Tuesday, January 03, 2023

Spectral Static: The Horsingdon Transmissions 2023, No.3: Bats in the Belfry?

  

It is rumoured that the steeples and belfries of the some of the old and disused churches scattered throughout the parish of Horsingdon are haunted by things far older and more terrible than bats.

Monday, January 02, 2023

Spectral Static: The Horsingdon Transmissions 2023, No.2: Unmarked Graves

Even in the best-kept and most estimable of Horsingdon’s boneyards, you are likely to encounter some unkempt, rewilded corner where a few graves lie overgrown and untended. Curiously, with a small number of these plots one may discover that, on closer inspection, their cracked and crooked headstones have surfaces worn clean, such that they possess no inscription or other visible signifier as to the precise identity of whose resting place they designate. Curiouser still is the fact that such erasures are not the always the product of time and the elements: for some of these gravestones, it is clear that the names of the departed have been intentionally effaced.

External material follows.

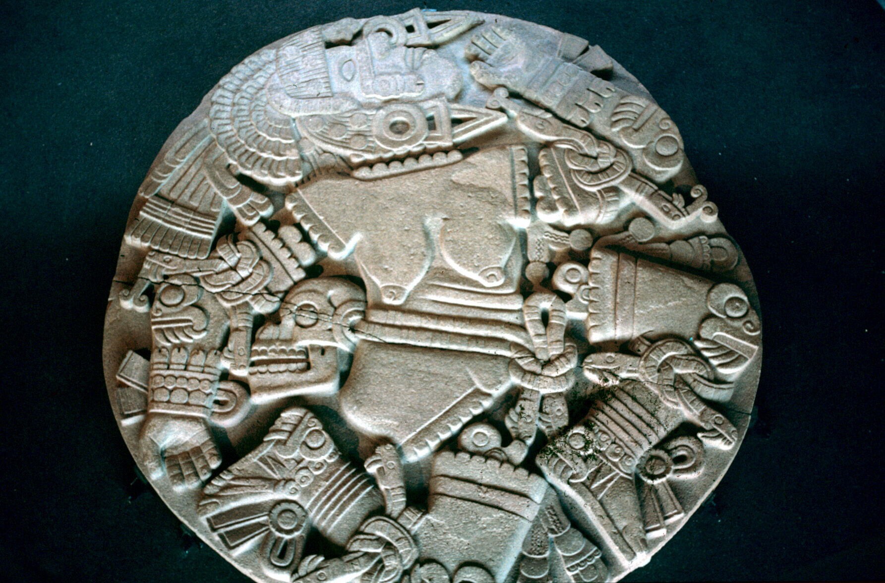 reliëf van de maangodin Coyolxauhqui in museo Nacion...

Were one to investigate further, it is likely that one would discover in the parish records a remarkable fact: that these blank gravestones typically mark the resting place of a deceased member of the Boreham family - or of one who, in life, was closely associated with that strange and sorcerous lineage. However, if such excisions represent an attempt to erase from the history and collective memory of the region the lingering influence of ancient sorceries, it would seem that have yet to prove efficacious. 

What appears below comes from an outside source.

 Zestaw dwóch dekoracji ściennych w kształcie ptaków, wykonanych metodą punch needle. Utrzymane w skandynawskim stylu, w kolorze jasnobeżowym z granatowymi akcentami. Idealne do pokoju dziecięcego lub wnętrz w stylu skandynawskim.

Local conjurors and cunning folk have often favoured the use of grave dirt gathered from these seemingly-anonymous but ill-regarded plots in their ritual observances, sabbatical liturgies, and herbal ministrations. Thus, by means of the dirt of the dead, the primordial magicks and and folk mythographies deeply-rooted within the district’s loam are themselves given dispensation to rise again from their ancient barrows to haunt the present.

Sunday, January 01, 2023

Spectral Static: The Horsingdon Transmissions 2023, No.1: The Whispering Dead

  


An abandoned transmitter array overlooks a graveyard located in a lonely corner of Marsh End in the semi-rural district of Trentford. Constructed as part of a secretive Ministry project in the early 1960s, the array was decommissioned towards the end of the Cold War; however, it is rumoured amongst some of the older residents of Marsh End that the array remains operational: that if one tunes a radio to a certain frequency, one may discern the trace of faint, spectral voices; that if one listens carefully, those voices will disclose in whispered, awestruck tones hints of the vast, unspeakable things and forbidden secrets which await revelation in those nameless spaces which lie beyond the threshold of the grave.